**EXERCISE INPUTS**
((

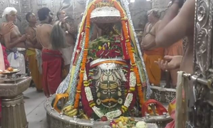 The 'Bhasma Aarti', a sacred ceremony, was performed on the occasion of the fourth Monday of the holy month of Sharavan at Mahakaleshwar...
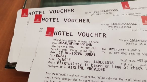 從德國回程是5:50到杜拜,隔天4:55離開,因為在24小時內,所以算是轉機,行李可以直掛台北,也符合Dubai Connect免費食宿要件。
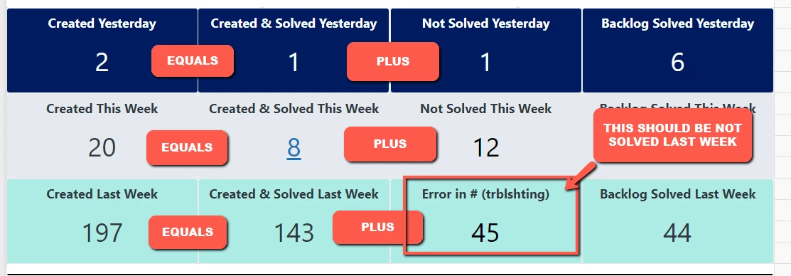 I am new to Zendesk reporting and dashboards. I have a request to make the math work. Basically they want the Tickets solved (time period) + Tickets unsolved (time period) = Tickets Created (time period). As you can see in the screenshot, the time periods of 'Yesterday' and 'This Week' work as expected. The issue is 'Not Solved' last week. If the ticket created 'last week' is solved on Sunday or Monday then it is not counted in the 'not solved last week' count.
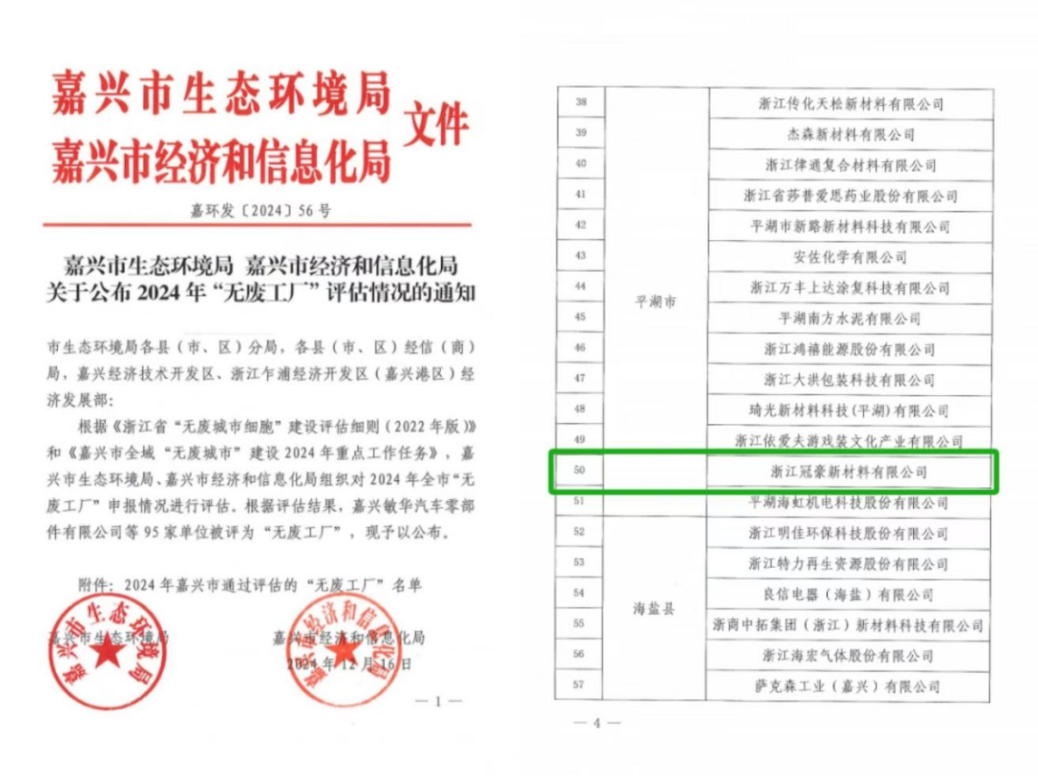 近日,嘉兴市生态环境局和经信局正式公示了2024年“无废工厂”名单,浙江冠豪顺利通过评审,成功获评“无废工厂”称号。
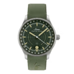 [ SPEC ]カタログ番号 0000007614 サイズ 40mm 文字盤 グリーン 機能 3針・ムーンフェイズ インデックス バー ケース素材 ステンレススチール ベルト ラバーストラップ ベゼル ノーマル 日付 ポインターデイト 防水性 200M 動力 自動巻き このモデルは機械式時計の精度と、狩猟時に直面する厳しい光環境や過酷な使用条件に合わせて特別に設計した機能を融合させた腕時計です。その中心となるのは、6時位置に配置したムーンライト表示です。これは、自然の月明かりが十分な明るさに達したことを知らせる特別な機構です。人工の光源を使用できず周囲の自然光のみが許される状況において、この機構は確かな指針となります。ドイツでは「Sauensonne ザウエンゾネ」と呼ばれる期間におけるムーンライト表示とその機能については、3006 Hunting Watch(ハンティングウォッチ)でより詳しく解説しています。掲載されている商品はラインナップのご紹介となっております。

))

The range to copy runs from the line with "近日,嘉兴市生态环境局和经信" to the last line of the entries, both included; copy it exactly and leave out the pictures.

 近日,嘉兴市生态环境局和经信局正式公示了2024年“无废工厂”名单,浙江冠豪顺利通过评审,成功获评“无废工厂”称号。
 [ SPEC ]カタログ番号 0000007614 サイズ 40mm 文字盤 グリーン 機能 3針・ムーンフェイズ インデックス バー ケース素材 ステンレススチール ベルト ラバーストラップ ベゼル ノーマル 日付 ポインターデイト 防水性 200M 動力 自動巻き このモデルは機械式時計の精度と、狩猟時に直面する厳しい光環境や過酷な使用条件に合わせて特別に設計した機能を融合させた腕時計です。その中心となるのは、6時位置に配置したムーンライト表示です。これは、自然の月明かりが十分な明るさに達したことを知らせる特別な機構です。人工の光源を使用できず周囲の自然光のみが許される状況において、この機構は確かな指針となります。ドイツでは「Sauensonne ザウエンゾネ」と呼ばれる期間におけるムーンライト表示とその機能については、3006 Hunting Watch(ハンティングウォッチ)でより詳しく解説しています。掲載されている商品はラインナップのご紹介となっております。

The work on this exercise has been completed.